• PROBLEM TO SOLVE
Copy out exactly the lines below that run from the one holding "Featuring cantilevered floors" to the one holding "[xiv] Tranh dân", keeping both of those lines and no others.

(ENTRIES SHOWN)

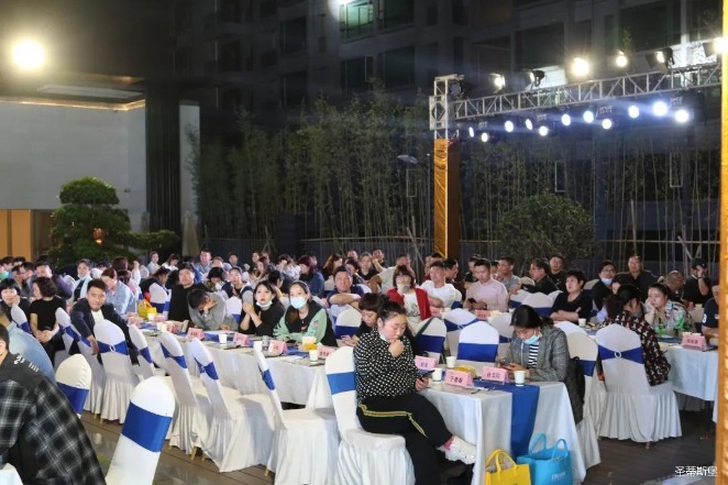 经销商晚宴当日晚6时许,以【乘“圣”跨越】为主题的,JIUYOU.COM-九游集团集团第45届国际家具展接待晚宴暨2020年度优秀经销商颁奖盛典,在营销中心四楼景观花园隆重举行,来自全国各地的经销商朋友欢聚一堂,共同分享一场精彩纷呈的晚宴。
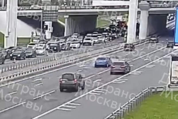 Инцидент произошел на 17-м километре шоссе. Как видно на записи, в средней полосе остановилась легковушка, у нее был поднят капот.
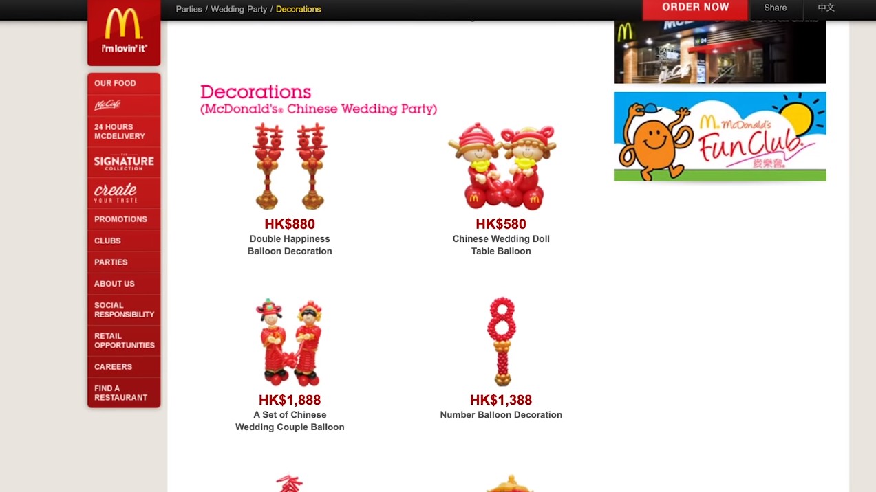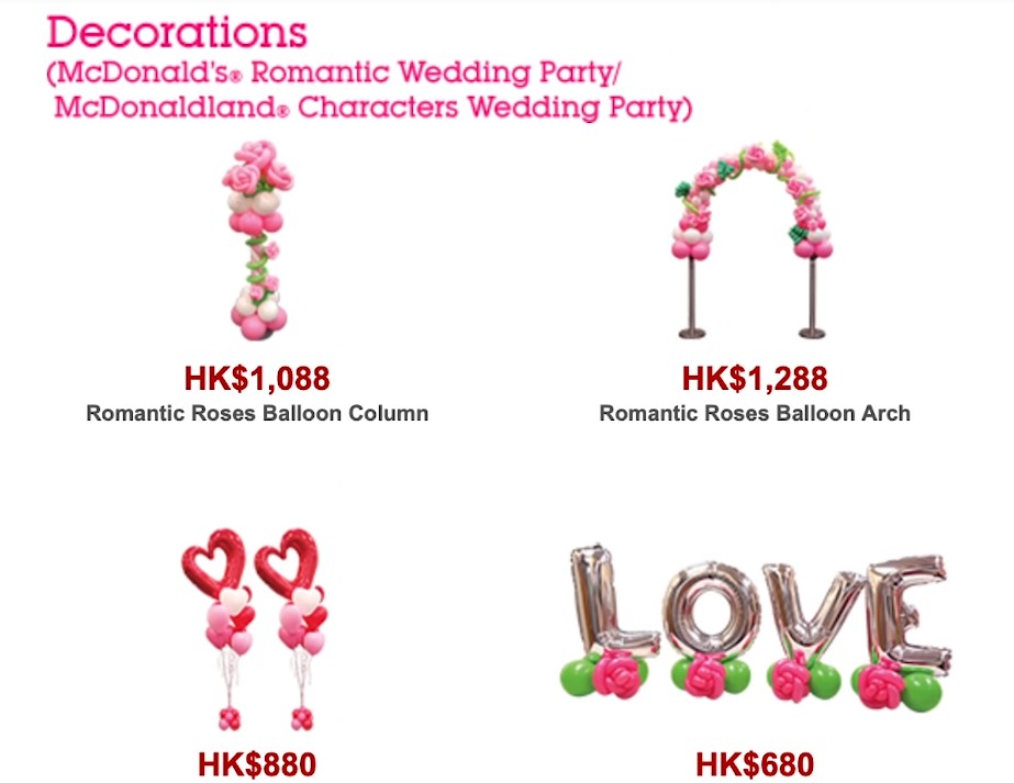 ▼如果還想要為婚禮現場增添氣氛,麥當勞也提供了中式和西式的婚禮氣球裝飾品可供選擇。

(End ENTRIES SHOWN)
(ENTRIES SHOWN)

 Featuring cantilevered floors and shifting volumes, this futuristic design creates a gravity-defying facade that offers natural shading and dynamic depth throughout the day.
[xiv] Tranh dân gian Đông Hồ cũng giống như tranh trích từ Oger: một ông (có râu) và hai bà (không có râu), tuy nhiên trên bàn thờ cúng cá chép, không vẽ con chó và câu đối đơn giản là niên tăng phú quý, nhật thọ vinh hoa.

(End ENTRIES SHOWN)

• ANSWER TO THE EXERCISE
 Featuring cantilevered floors and shifting volumes, this futuristic design creates a gravity-defying facade that offers natural shading and dynamic depth throughout the day.
[xiv] Tranh dân gian Đông Hồ cũng giống như tranh trích từ Oger: một ông (có râu) và hai bà (không có râu), tuy nhiên trên bàn thờ cúng cá chép, không vẽ con chó và câu đối đơn giản là niên tăng phú quý, nhật thọ vinh hoa.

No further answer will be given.